* **WHAT YOU HAVE TO DO**: Please reproduce the data exactly, though every picture must stay out.

*** Opening PROVIDED MATERIAL ***

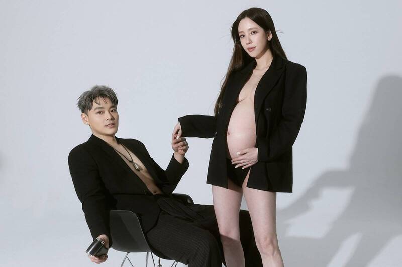 愛雅與老公拍孕婦寫真。(愛雅辣呦提供)
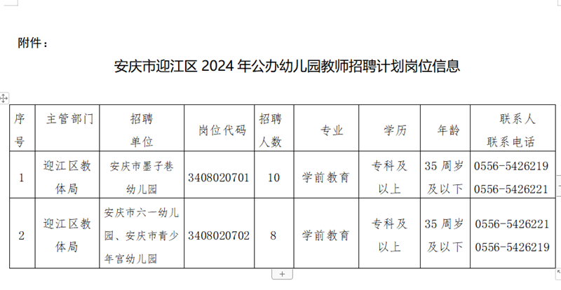 為進一步加強學(xué)前教育師資隊伍建設(shè),滿足迎江教育事業(yè)快速發(fā)展需要,迎江區(qū)教育體育局、迎江區(qū)人力資源和社會保障局共同組織面向社會公開招聘幼兒園教師。現(xiàn)就2024年迎江區(qū)公開招聘公辦幼兒教師有關(guān)工作事項公告如下:
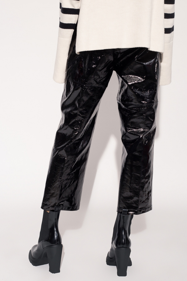 Black ‘Eagle’ trousers from Birgitte Herskind. Crafted from chrome-free patent lamb leather, this pair falls with slightly tapered legs and features two slip pockets and an elastic waist.

*** Closing PROVIDED MATERIAL ***

* **TASK SOLUTION**:
 愛雅與老公拍孕婦寫真。(愛雅辣呦提供)
 為進一步加強學(xué)前教育師資隊伍建設(shè),滿足迎江教育事業(yè)快速發(fā)展需要,迎江區(qū)教育體育局、迎江區(qū)人力資源和社會保障局共同組織面向社會公開招聘幼兒園教師。現(xiàn)就2024年迎江區(qū)公開招聘公辦幼兒教師有關(guān)工作事項公告如下:
 Black ‘Eagle’ trousers from Birgitte Herskind. Crafted from chrome-free patent lamb leather, this pair falls with slightly tapered legs and features two slip pockets and an elastic waist.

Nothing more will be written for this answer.